The potential benefit of adding new risk factors (eg, coronary artery calcium) to an existing model (eg, Framingham risk model) is a model producing a broader risk distribution. 10 But assuming both models correctly assign risk, the rank order of individuals in the population cannot be maintained. This is because a group of individuals that was correctly assigned a 12% risk, for example, cannot subsequently be correctly assigned a 15% risk. The benefit of improving the population risk stratification is achieved at the cost of shuffling the rank order of the individuals in the population. This redistribution is even seen when discrimination is not improved. Mihaescu and associates 10 characterize this as “an updated model, compared with the additional model, simply makes different errors, not fewer errors.”

Discussion

The key points that there is no such issue as individual risk and that different predictors give different predictions have been made previously by the Framingham investigators: “It must be understood that there is no such thing as an unconditional probability of cardiovascular disease developing, nor any conditional probability that may not alter if other factors are entered into consideration.” 11

It is said that a man with one watch knows what time it is, while a man with two watches is never sure. If models are understood to generate individual risk estimates, discordance presents a dilemma for the clinician. Assuming both models are accurate, then their estimates are equally valid. The mathematic problem of risk stratifying a population does not have a unique solution.

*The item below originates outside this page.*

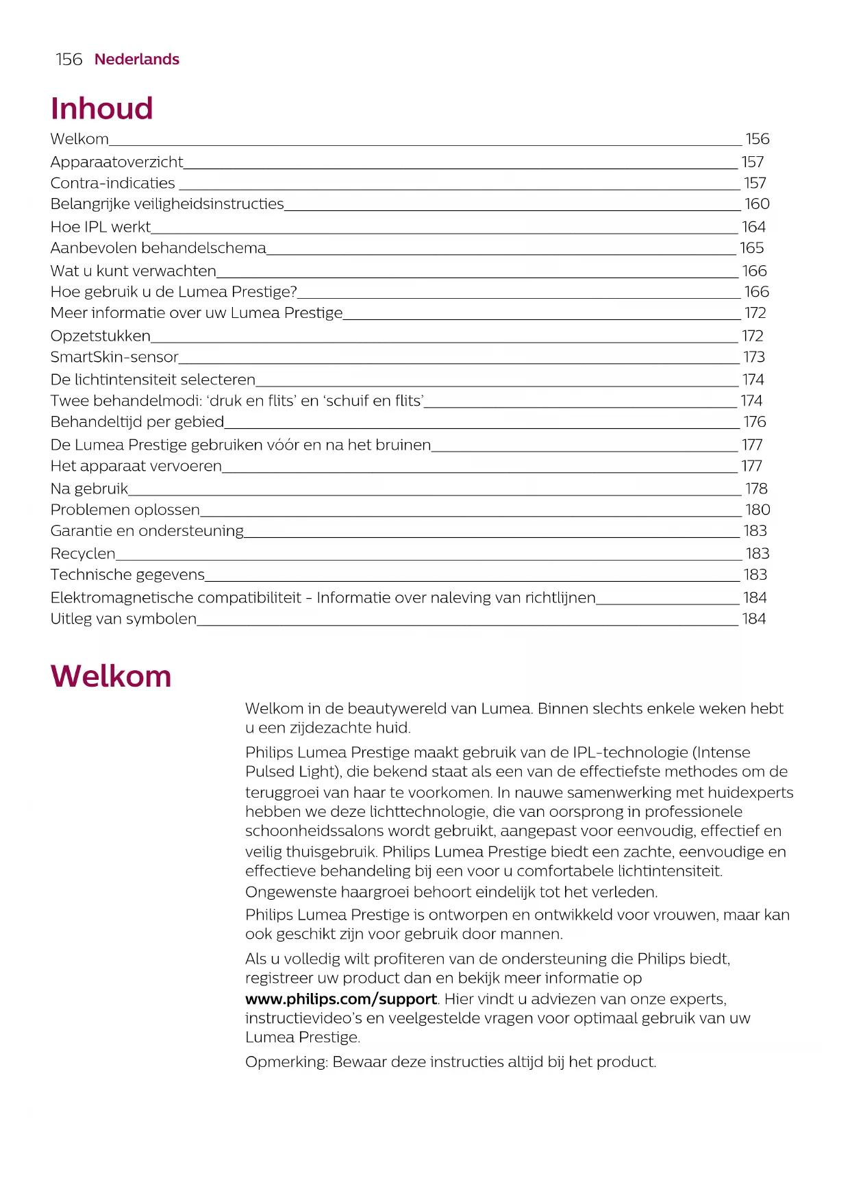 Nederlands Inhoud Welkom_________________________________________________________________________________________________ 156 Apparaatoverzicht_____________________________________________________________________________________ 157 Contra-indicaties ______________________________________________________________________________________ 157 Belangrijke veiligheidsinstructies______________________________________________________________________ 160 Hoe IPL werkt__________________________________________________________________________________________ 164 Aanbevolen behandelschema________________________________________________________________________ 165 Wat u kunt verwachten________________________________________________________________________________ 166 Hoe gebruik u de Lumea Prestige?____________________________________________________________________ 166 Meer informatie over uw Lumea Prestige_____________________________________________________________ 172 Opzetstukken__________________________________________________________________________________________ 172 SmartSkin-sensor______________________________________________________________________________________ 173 De lichtintensiteit selecteren__________________________________________________________________________ 174 Twee behandelmodi: ‘druk en flits’ en ‘schuif en flits’________________________________________________ 174 Behandeltijd per gebied_______________________________________________________________________________ 176 De Lumea Prestige gebruiken vóór en na het bruinen_______________________________________________ 177 Het apparaat vervoeren_______________________________________________________________________________ 177 Na gebruik______________________________________________________________________________________________ 178 Problemen oplossen___________________________________________________________________________________ 180 Garantie en ondersteuning____________________________________________________________________________ 183 Recyclen________________________________________________________________________________________________ 183 Technische gegevens__________________________________________________________________________________ 183 Elektromagnetische compatibiliteit - Informatie over naleving van richtlijnen______________________ 184 Uitleg van symbolen___________________________________________________________________________________ 184 Welkom Welkom in de beautywereld van Lumea. Binnen slechts enkele weken hebt u een zijdezachte huid. Philips Lumea Prestige maakt gebruik van de IPL-technologie (Intense Pulsed Light), die bekend staat als een van de effectiefste methodes om de teruggroei van haar te voorkomen. In nauwe samenwerking met huidexperts hebben we deze lichttechnologie, die van oorsprong in professionele schoonheidssalons wordt gebruikt, aangepast voor eenvoudig, effectief en veilig thuisgebruik. Philips Lumea Prestige biedt een zachte, eenvoudige en effectieve behandeling bij een voor u comfortabele lichtintensiteit. Ongewenste haargroei behoort eindelijk tot het verleden. Philips Lumea Prestige is ontworpen en ontwikkeld voor vrouwen, maar kan ook geschikt zijn voor gebruik door mannen. Als u volledig wilt profiteren van de ondersteuning die Philips biedt, registreer uw product dan en bekijk meer informatie op www.philips.com/support. Hier vindt u adviezen van onze experts, instructievideo’s en veelgestelde vragen voor optimaal gebruik van uw Lumea Prestige. Opmerking: Bewaar deze instructies altijd bij het product.157 Nederlands

This may become especially troublesome when additional information is obtained sequentially as individual risk estimates may rise or fall, producing contradictory information and therapeutic recommendations. 12

It is important to recognize the origin of these differences and not misinterpret their importance. For example, the observation that some individuals in intermediate‐risk categories, as estimated by Framingham risk models, may be in low‐ or high‐risk categories, as estimated by other methods, is expected and by itself has no importance. Yet this reclassification has been interpreted as meaningful and was used as a criterion in a recent assessment of the clinical utility of emerging risk factors. 13

A number of approaches to the problem of discordant risk estimates might be or have been proposed. One option would be to only use a single method, avoiding the generation of discordant individual risk estimates. The perceived inadequacies of current methods do not provide a justification for obtaining additional estimates. Although current methods may omit one or more risk factors, they may be perfectly adequate for risk‐stratifying a population. If newer methods including additional risk factors significantly improve discrimination at reasonable cost, then they could replace current methods. If a current method is not accurate (calibrated) for some demographic or population, it should be refitted (remodeled) or recalibrated. A new method is not required to deal with this problem. Finally, current methods may not identify patients at low risk who will have events, but this is an inherent limitation of probabilistic methods.

A second option would be to only add a new risk marker “after adequate counseling of the patient of the uncertain benefits and risks of reclassification, and only if the patient and physician understand, discuss, and are amenable to the treatment implications of risk reclassification.” 14

A third option would be to average the discordant individual risk estimates. However, the discordance does not represent statistical variation around a “true” individual risk value and averaging will reduce the discrimination provided by each of the models.

A fourth option is to provide the patient with the discordant estimates. 15 Clearly this would be confusing to both patient and physician. An advantage of this approach would be that patients and clinicians would become familiar with the discordance of individual risk estimates. If the discordant estimates were considered equally valid and lead to different preventive measures, the patient could choose the preventive measure they preferred. These could range from taking a statin, to taking tamoxifen, to having risk‐reducing breast surgery.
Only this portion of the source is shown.